What is needed:
Output the entries exactly. Start at the first line, finish with the line containing "Haus-Feldwespe (Polistes dominula)", and omit the pictures.
Dataset: Begin
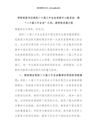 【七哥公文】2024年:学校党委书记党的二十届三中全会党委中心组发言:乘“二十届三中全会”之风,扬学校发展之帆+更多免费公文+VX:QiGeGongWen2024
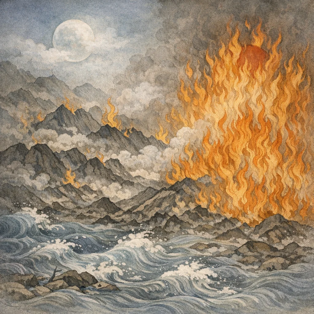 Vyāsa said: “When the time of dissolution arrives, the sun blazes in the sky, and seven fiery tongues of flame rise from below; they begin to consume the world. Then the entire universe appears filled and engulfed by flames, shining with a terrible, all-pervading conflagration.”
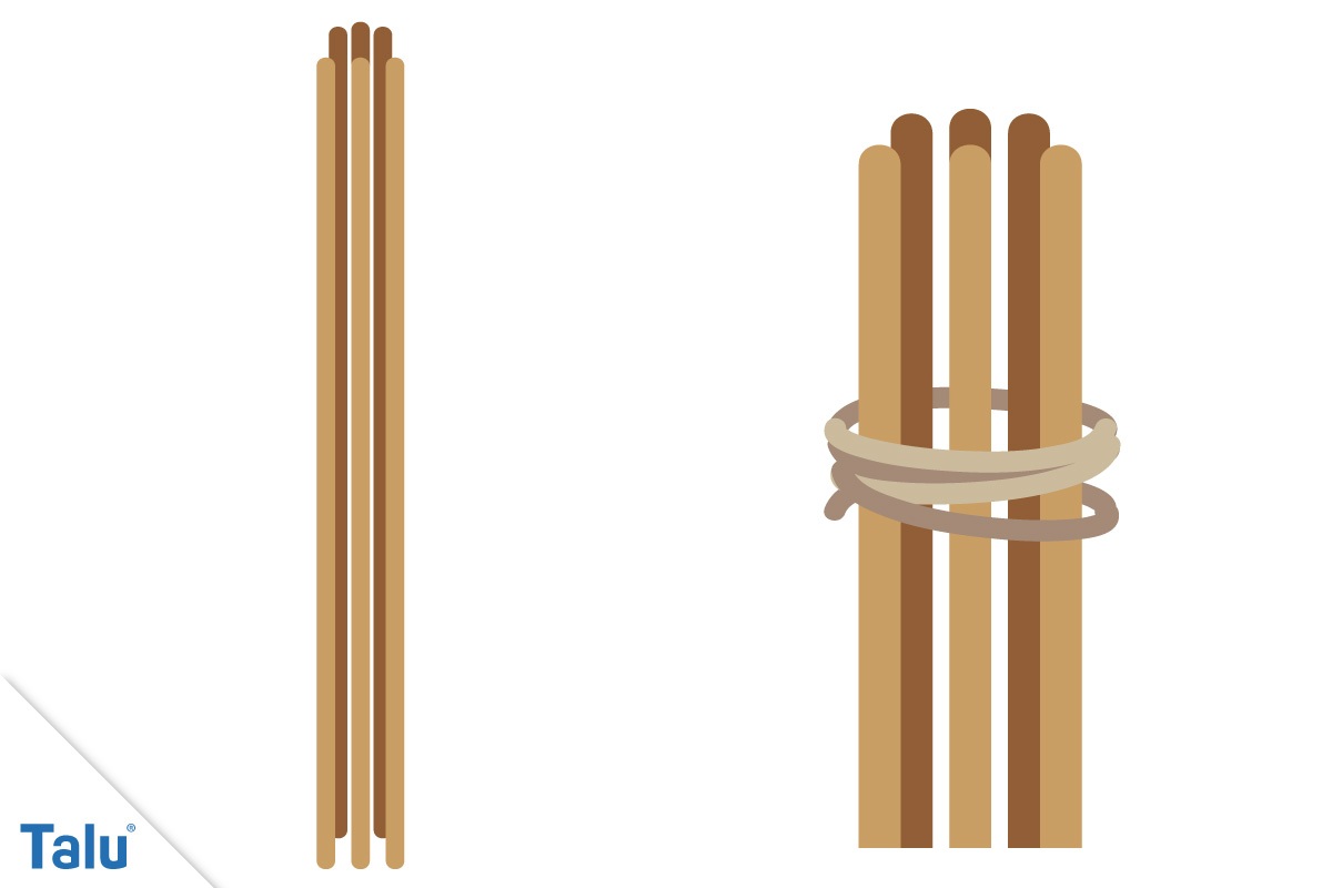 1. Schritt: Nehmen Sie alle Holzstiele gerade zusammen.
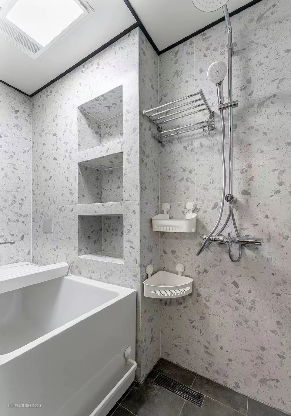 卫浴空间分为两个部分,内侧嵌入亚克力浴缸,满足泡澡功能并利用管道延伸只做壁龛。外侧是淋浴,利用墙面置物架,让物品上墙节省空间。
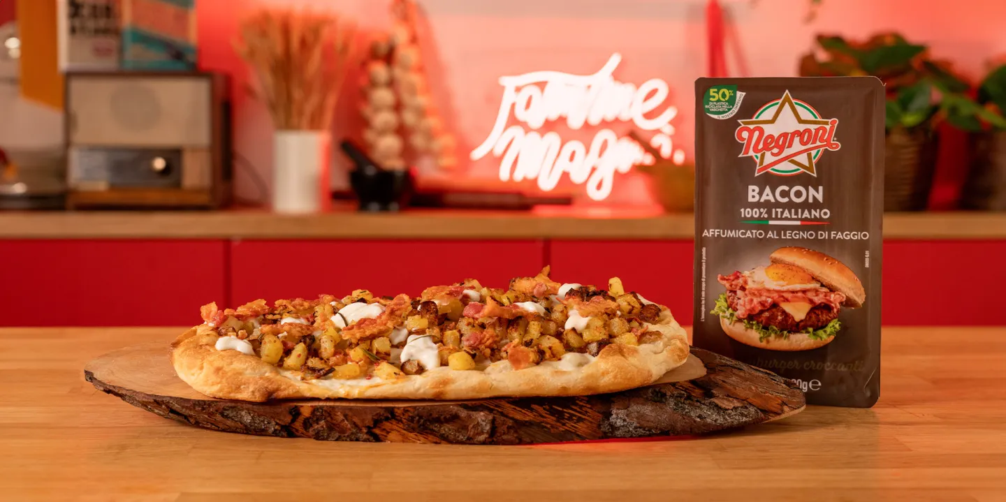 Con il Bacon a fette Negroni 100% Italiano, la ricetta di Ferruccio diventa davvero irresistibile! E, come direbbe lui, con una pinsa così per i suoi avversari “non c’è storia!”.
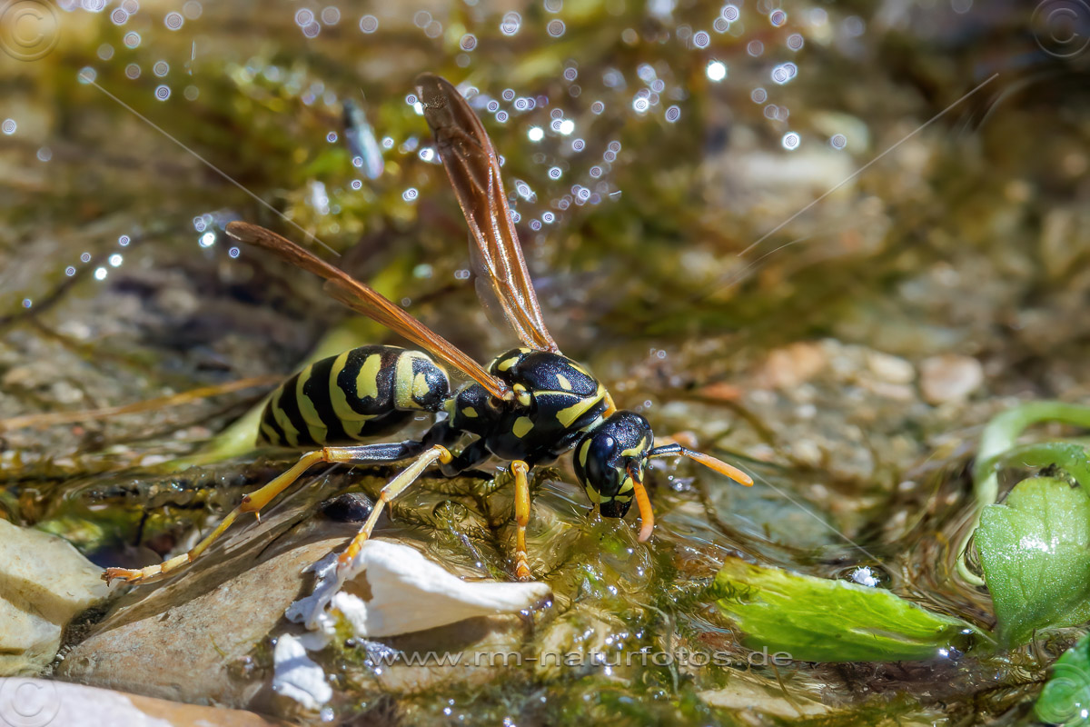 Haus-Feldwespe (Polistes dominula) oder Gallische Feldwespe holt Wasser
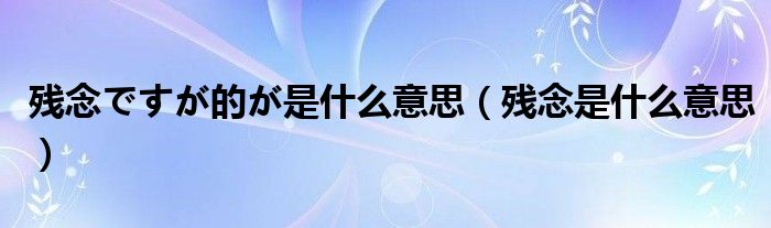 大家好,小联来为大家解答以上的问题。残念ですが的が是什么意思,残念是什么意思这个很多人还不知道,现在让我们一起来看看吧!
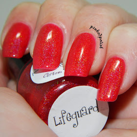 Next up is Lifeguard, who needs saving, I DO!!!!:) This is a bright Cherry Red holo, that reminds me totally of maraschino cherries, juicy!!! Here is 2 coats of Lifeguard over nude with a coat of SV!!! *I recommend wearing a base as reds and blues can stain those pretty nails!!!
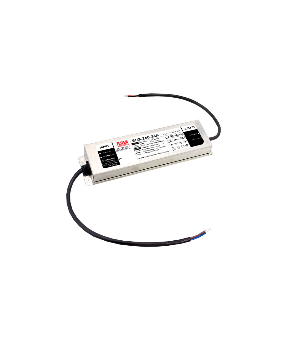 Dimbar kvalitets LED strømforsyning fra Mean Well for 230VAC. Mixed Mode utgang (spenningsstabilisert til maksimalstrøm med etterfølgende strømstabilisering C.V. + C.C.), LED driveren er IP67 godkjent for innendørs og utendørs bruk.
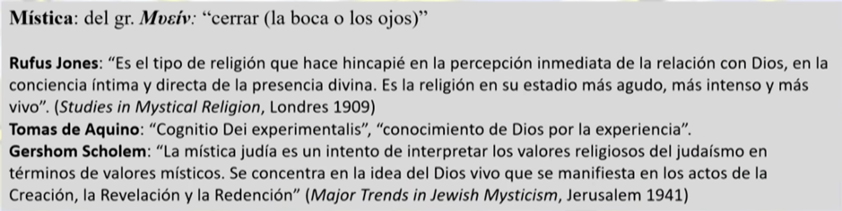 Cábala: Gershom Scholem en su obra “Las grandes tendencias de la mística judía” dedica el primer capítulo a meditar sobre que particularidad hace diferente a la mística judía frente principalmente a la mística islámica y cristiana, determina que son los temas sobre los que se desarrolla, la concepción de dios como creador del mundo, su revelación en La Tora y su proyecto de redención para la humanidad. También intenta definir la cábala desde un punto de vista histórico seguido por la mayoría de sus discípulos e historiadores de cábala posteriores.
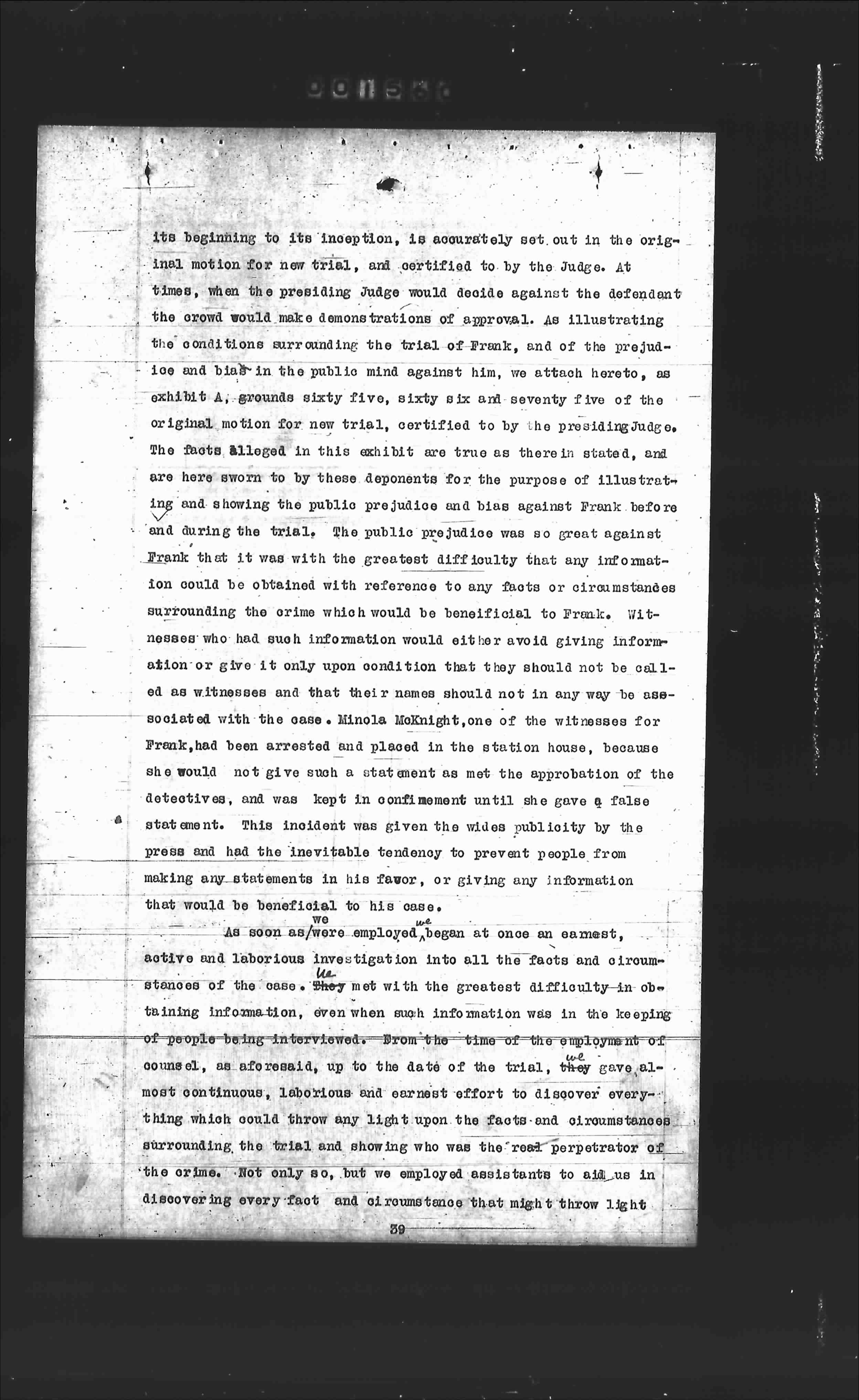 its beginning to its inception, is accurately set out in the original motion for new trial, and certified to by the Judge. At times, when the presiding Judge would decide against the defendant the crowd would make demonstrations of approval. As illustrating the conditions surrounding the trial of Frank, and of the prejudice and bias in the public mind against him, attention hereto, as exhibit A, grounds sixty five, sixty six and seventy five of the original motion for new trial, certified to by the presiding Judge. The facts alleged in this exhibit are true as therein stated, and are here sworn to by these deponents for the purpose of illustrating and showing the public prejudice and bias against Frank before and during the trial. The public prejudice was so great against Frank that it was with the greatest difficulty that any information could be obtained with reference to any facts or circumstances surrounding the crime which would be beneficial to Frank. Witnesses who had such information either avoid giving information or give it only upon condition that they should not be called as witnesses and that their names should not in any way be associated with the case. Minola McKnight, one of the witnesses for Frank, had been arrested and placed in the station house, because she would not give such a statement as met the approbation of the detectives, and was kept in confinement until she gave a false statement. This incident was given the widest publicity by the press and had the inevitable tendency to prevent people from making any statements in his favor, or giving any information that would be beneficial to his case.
Dataset: End
Solution to the exercise:
 【七哥公文】2024年:学校党委书记党的二十届三中全会党委中心组发言:乘“二十届三中全会”之风,扬学校发展之帆+更多免费公文+VX:QiGeGongWen2024
 Vyāsa said: “When the time of dissolution arrives, the sun blazes in the sky, and seven fiery tongues of flame rise from below; they begin to consume the world. Then the entire universe appears filled and engulfed by flames, shining with a terrible, all-pervading conflagration.”
 1. Schritt: Nehmen Sie alle Holzstiele gerade zusammen.
 卫浴空间分为两个部分,内侧嵌入亚克力浴缸,满足泡澡功能并利用管道延伸只做壁龛。外侧是淋浴,利用墙面置物架,让物品上墙节省空间。
 Con il Bacon a fette Negroni 100% Italiano, la ricetta di Ferruccio diventa davvero irresistibile! E, come direbbe lui, con una pinsa così per i suoi avversari “non c’è storia!”.
 Haus-Feldwespe (Polistes dominula) oder Gallische Feldwespe holt Wasser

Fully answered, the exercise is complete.